Его кустистые брови приподнялись, а рот — эти его мягкие губы — удивленно округлился. Очевидно, он ждал покорности, а встретил сопротивление.
— Нет, фройляйн Марич. Люди богемы, такие, как мы с вами, — те, кто выделяется среди прочих и своими взглядами, и культурными, и личными особенностями, — такие люди, безусловно, могут иметь и то и другое.
Это звучало соблазнительно. Как же мне хотелось, чтобы эти его богемные воззрения имели что-то общее с действительностью.
Собравшись с силами, я сказала:
— Пожалуйста, не обижайтесь, герр Эйнштейн, но я не могу продолжать этот разговор. Может быть, я и готова разделить ваши богемные взгляды и ваше убеждение, что мы отличаемся от других, но я должна отодвинуть свои чувства в сторону ради профессиональных целей.
Отряхнув с юбки кору и мятые листья, я двинулась к тропинке.
— Вы идете?
Он встал и подошел ко мне. Сжал мои руки и сказал:
— Никогда и ни в чем я еще не был так уверен, как в вас. Я буду ждать, фройляйн Марич. Ждать, когда вы будете готовы.
Глава восьмая
Листок бумаги — затертый, скрученный по краям — упал на пол. Я смотрела, как он вяло колышется под легким ветерком, проникающим сквозь зарешеченные окошки мансарды. Книга профессора Филиппа Ленарда уже больше часа лежала открытой на одной и той же странице, а я так и не прочла ни слова.
Я наклонилась, чтобы поднять листок с обшарпанного деревянного пола. Я сидела в мансарде со сводчатой крышей в Шпиле, нашем летнем домике в Каче, куда мы перебирались в теплое время года. Это место, прозванное так из-за двух башенок со шпилями, украшавших виллу в тирольском стиле с двух сторон, и еще одной башни в центре, было летним прибежищем нашей семьи с самого моего детства. Куда бы мы ни переезжали из-за папиной службы или моей учебы — на восток Австро-Венгрии, в Руму, Нови-Сад, Сремску-Митровицу, а потом в Загреб, — Шпиль всегда оставался моим домом.
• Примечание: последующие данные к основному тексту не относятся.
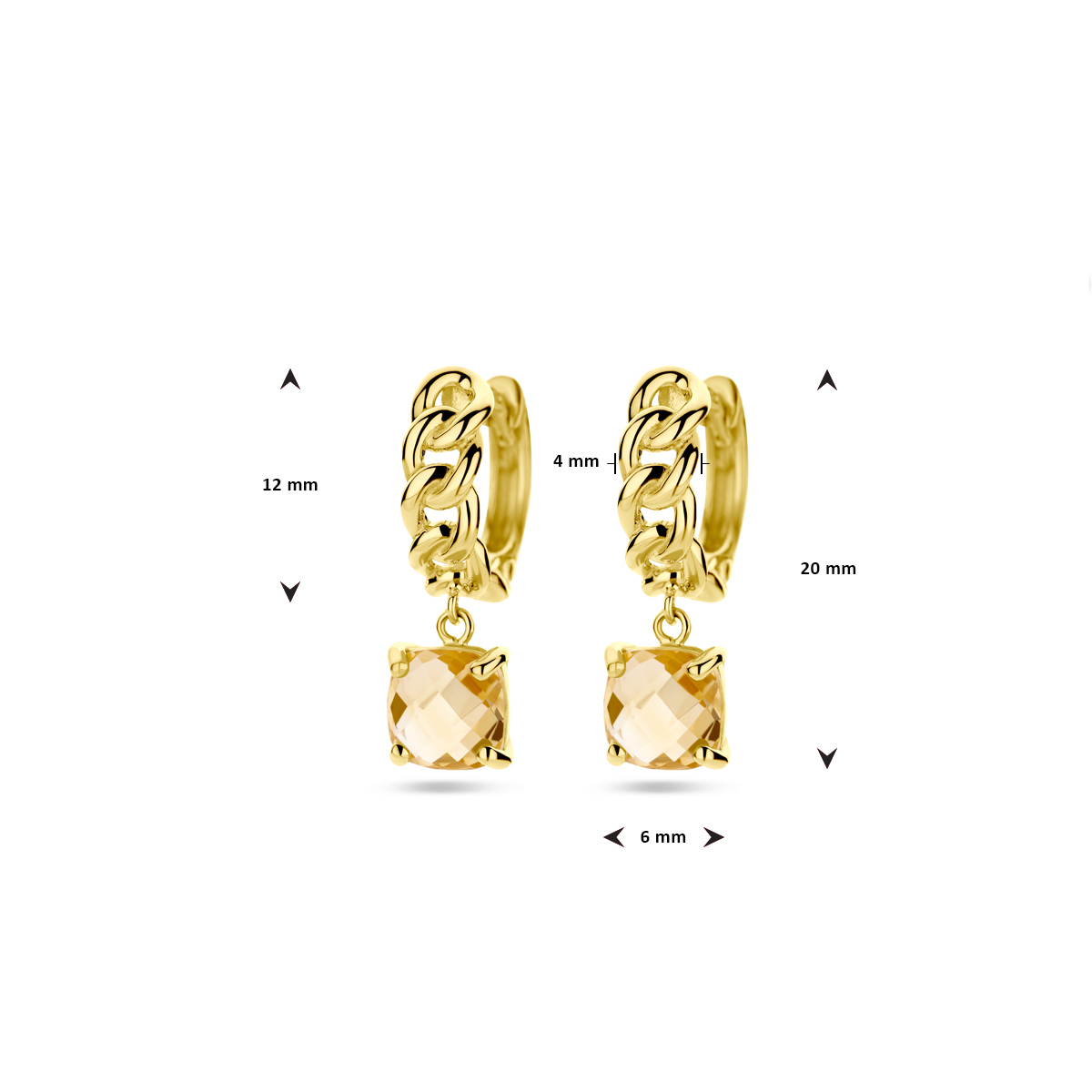 14k Geelgouden klapoorringen met schakelmotief, uitgevoerd met een citrine hanger. De klapoorring heeft een diameter van 12mm en een breedte van 4mm.

Все детские годы я проводила лето в мансарде в Шпиле, глядя в окошко на деревенский пейзаж с колышущимися на ветру подсолнечными и кукурузными полями и читая книги — стопку за стопкой. Тогда это было мое убежище, мой мир грез, где я читала сказки и фантазировала о том, как стану ученой. Сейчас это было место, где можно было спрятаться от всех.
Я смотрела на лист бумаги в руке. На нем размашистым почерком герра Эйнштейна, таким же дерзким, как он сам, был начертан его адрес. Он торопливо сунул эту бумажку мне в руку, когда мы прощались вечером после поездки в Зильвальд — с настойчивой просьбой писать ему на каникулах. Я пользовалась этим тонким листочком как закладкой, чтобы иметь повод носить его с собой повсюду. Но, не желая расставаться с этим адресом, я тем не менее поклялась себе, что писать не буду. И не нарушила этой клятвы, хотя мысленно вела с ним целые разговоры о физике и математике. Я понимала: если я напишу ему, это будет продолжением того, что зародилось между нами в Зильвальде, а это почти наверняка положит конец карьере, ради которой я так долго работала при неизменной поддержке папы. Я не знала ни одной замужней женщины, занятой в какой-то профессии. Так какой же смысл начинать с герром Эйнштейном то, что ни к чему не приведет? В качестве утешения я цеплялась за нарисованную нами с Элен картину одинокой жизни, в которой будет и карьера, и дружба, и культурная жизнь в изобилии.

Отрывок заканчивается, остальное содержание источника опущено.